The solution for this integration methodology involves the application of the stiffness and mass orthogonal Load Dependent Ritz Vectors of the elastic structural system to reduce the size of the nonlinear system to be solved. For that reason, this methodology is also called Nonlinear Modal Time History Analysis, because in some sense, this is a hybrid between time history analysis and modal analysis. The forces in the nonlinear elements are calculated by iteration at the end of each time or load step, and the uncoupled modal equations are solved exactly for each time increment. By iteration within each time-step, equilibrium, compatibility and all element force-deformation equations within each nonlinear element are identically satisfied.
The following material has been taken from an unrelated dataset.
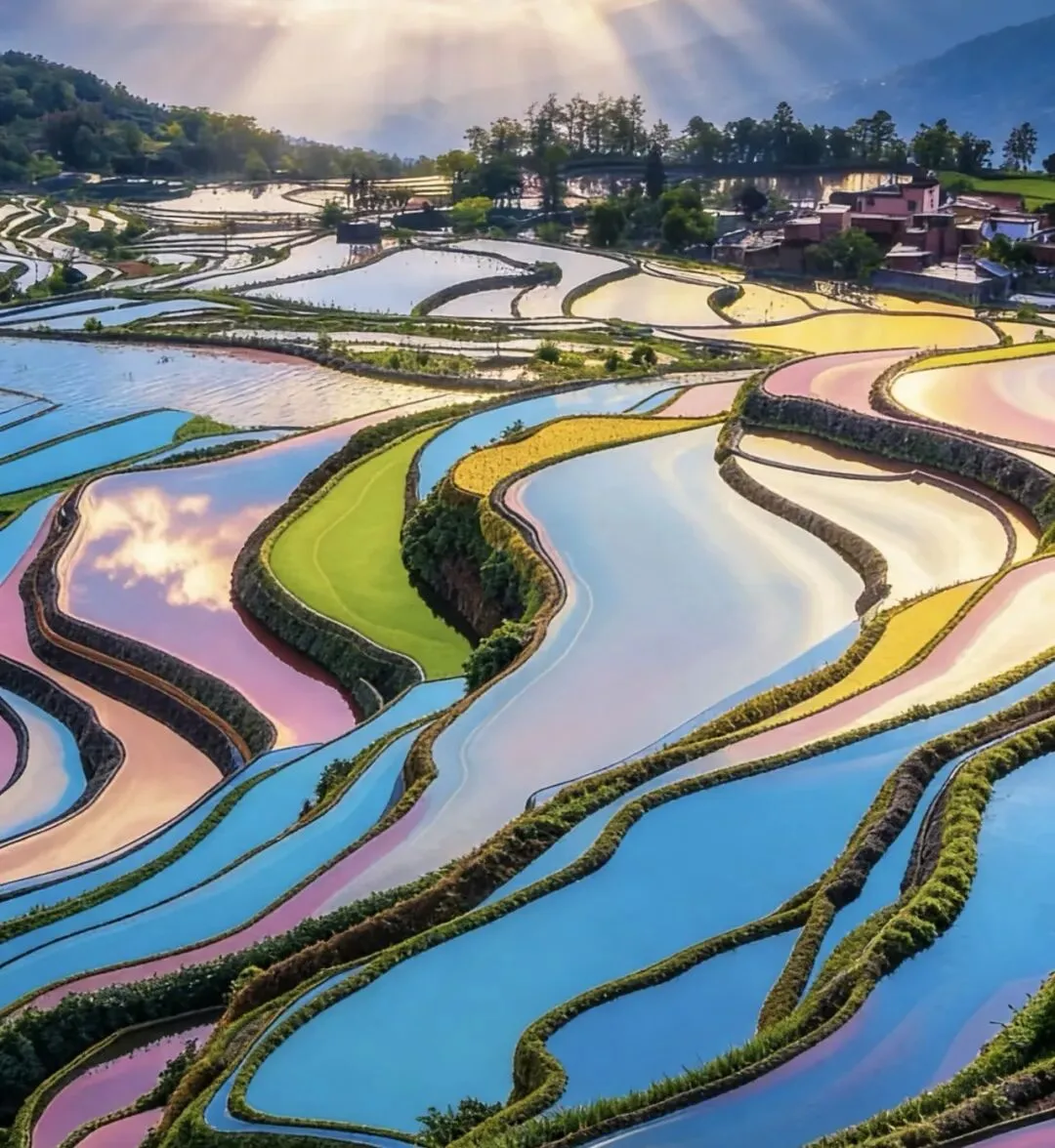 哈尼族人千年劳作形成的梯田景观,层层叠叠的水面倒映天空与山川,如彩色玻璃般精美,是世界文化遗产。

Structures subjected to static loads can also be solved using this strategy. It is only necessary to apply the loads slowly to a constant value and add large modal damping values. Therefore, the final converged solution will be in static equilibrium and will not contain inertial forces. This procedure can also be applied to add static loads in a dynamic problem.
The main advantage of this methodology is the tremendous computational time economy. With a small number of nonlinear elements, a small percentage of the required time in a nonlinear direct integration time history analysis is needed for the same structure. As example, to solve a structure with 92 nodes, 103 elastic frames, 56 nonlinear elements and 600 time-steps at 0.02 sec for a nonlinear direct integration time history analysis using a well-known computer program in which stiffness matrix for the complete structure was recalculated for each time-step, 4320 minutes (3 days!) were required using an Intel 486 processor. Using the supercomputer Cray XMP-1, the final time to solve the same structure with the same nonlinear direct integration strategy was reduced to 3 hours. Applying the Fast Nonlinear Analysis method, with the Intel 486 processor, the final time required to solve the structure was less than 3 minutes [Wilson, 2002].
It is necessary to emphasize that the Fast Nonlinear Analysis can be very fast and accurate for structures with nonlinearities lumped in some joints or elements, however for highly nonlinear structures, cable structures or structures in which the nonlinearity is mainly of geometric type, this strategy can be inaccurate. As example, the AB4 cable-stayed bridge model of this work was selected to compare results applying the Fast Nonlinear Analysis with the nonlinear direct integration time history analysis (in this case the Hilber-Hughes-Taylor-α method). Event 1 was selected as input ground motion (1000 time steps at 0.02 sec). Results of this comparison are shown in Table A.1.
Results of this comparison showed that the main differences for the earthquake response are associated with the internal forces on members. Main differences come from the towers, with up to 23% for bending moments and 21% for the compressive forces. Maximum differences for the deck compression are in the order of 11%. For the maximum cable forces, differences are less sensitive. With regard to the displacements, maximum differences were obtained for the maximum longitudinal displacements of the deck (17%).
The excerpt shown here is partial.